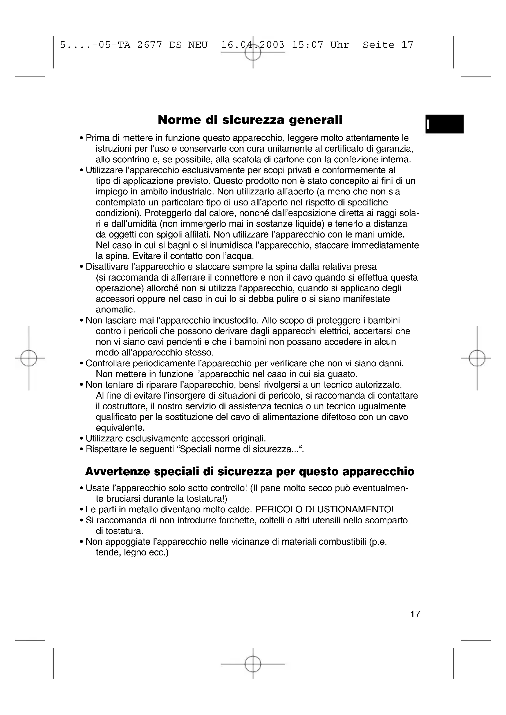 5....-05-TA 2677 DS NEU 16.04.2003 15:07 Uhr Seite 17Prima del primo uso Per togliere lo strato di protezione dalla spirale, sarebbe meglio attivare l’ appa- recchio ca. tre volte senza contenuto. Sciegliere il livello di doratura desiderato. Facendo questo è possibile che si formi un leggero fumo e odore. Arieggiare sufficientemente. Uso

---

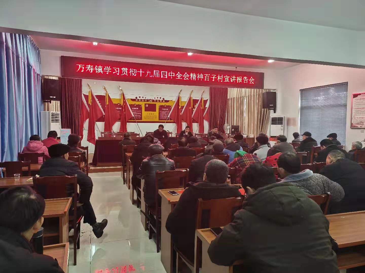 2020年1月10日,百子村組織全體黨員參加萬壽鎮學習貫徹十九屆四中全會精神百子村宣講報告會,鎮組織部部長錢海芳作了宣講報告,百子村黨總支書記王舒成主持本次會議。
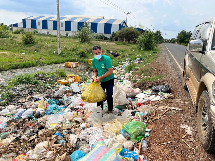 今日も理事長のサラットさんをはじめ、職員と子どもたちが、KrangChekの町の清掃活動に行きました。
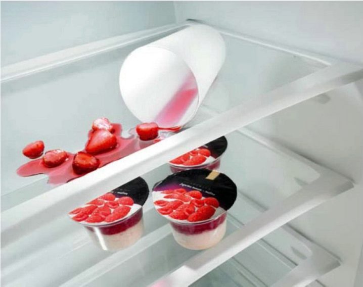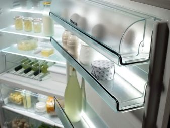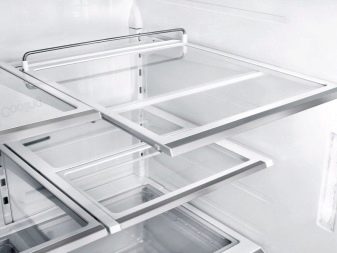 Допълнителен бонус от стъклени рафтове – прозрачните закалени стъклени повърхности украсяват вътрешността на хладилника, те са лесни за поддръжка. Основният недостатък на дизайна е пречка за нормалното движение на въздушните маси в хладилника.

(Assignment):
While skipping the pictures, transcribe the data above from the line showing "今日も理事長のサラットさんを" through the line showing "Допълнителен бонус от", exactly and with both ends.

(Answer to the exercise):
 今日も理事長のサラットさんをはじめ、職員と子どもたちが、KrangChekの町の清掃活動に行きました。
 Допълнителен бонус от стъклени рафтове – прозрачните закалени стъклени повърхности украсяват вътрешността на хладилника, те са лесни за поддръжка. Основният недостатък на дизайна е пречка за нормалното движение на въздушните маси в хладилника.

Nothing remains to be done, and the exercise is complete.